6th September 2017 - Author: Luke Gallin

Persistent headwinds in the global reinsurance sector are expected to continue throughout 2017 and into next year, with Moody’s suggesting that the January 2018 property and casualty (P&C) reinsurance renewals will see further softening across most business lines.

Reinsurance renewalsPrice declines in the reinsurance sector have slowed in more recent times, a trend that Moody’s analysts expect to continue and even accelerate into 2018.

In light of the challenging market conditions, exacerbated by the persistent inflow of alternative and traditional capital while demand for reinsurance remains relatively flat, Moody’s has said that P&C reinsurance renewal prices will continue to soften across most business lines.

Supporting this, is Moody’s Reinsurance Buyer Survey, which reveals that most cedents expect the property segment to experience further softening at January 1st, 2018, with declines anticipated to be in line with last year’s 0% – 5% reductions.

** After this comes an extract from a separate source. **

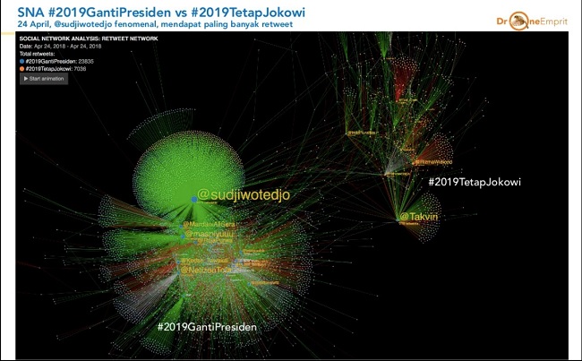 One of the politicians behind the #2019GantiPresiden (‘change the president in 2019’) campaign was Bhisma (not his real name). In our interview with him, he claimed that this hashtag campaign was a ‘constitutional movement’ (gerakan yang konstitusional), because ‘to change the president every five years is a political aspiration that is enshrined in the Constitution’. According to Bhisma, ‘there is nothing wrong with that hashtag to change the president – what’s wrong is that those who support the sitting president then get annoyed with that hashtag’. Bhisma claimed there was no premeditated plan to make the hashtag go viral on social media. He explained that in a polarised political situation, opponents of the president naturally rallied behind this hashtag. All the more ‘because it’s clear that the mainstream media all support Jokowi, while those on social media generally want to change the president’. The hashtag became a ‘uniting force’ for the opposition, he said, which is why ‘the Jokowi regime was so afraid of it’. Because of this fear, offline rallies of the #2019GantiPresiden movement in the regions would often be repressed. ‘If Jokowi wasn’t backed by the armed forces, he would have lost.’

However, almost 50% of cedents now expect to witness some pricing stability in the casualty segment. This is in contrast to last year, when around 40% of survey respondents expected prices to fall by roughly 5%, in the casualty segment.

Alternative capital continues to expand and claim a larger slice of the overall reinsurance market pie, and, much of its focus remains on the property catastrophe space. In light of this and other, ongoing market headwinds that are impacting the global reinsurance sector, it’s not too surprising that Moody’s and cedents expect rates to continue softening in this segment of the market at the upcoming January 1st, 2018 renewals season.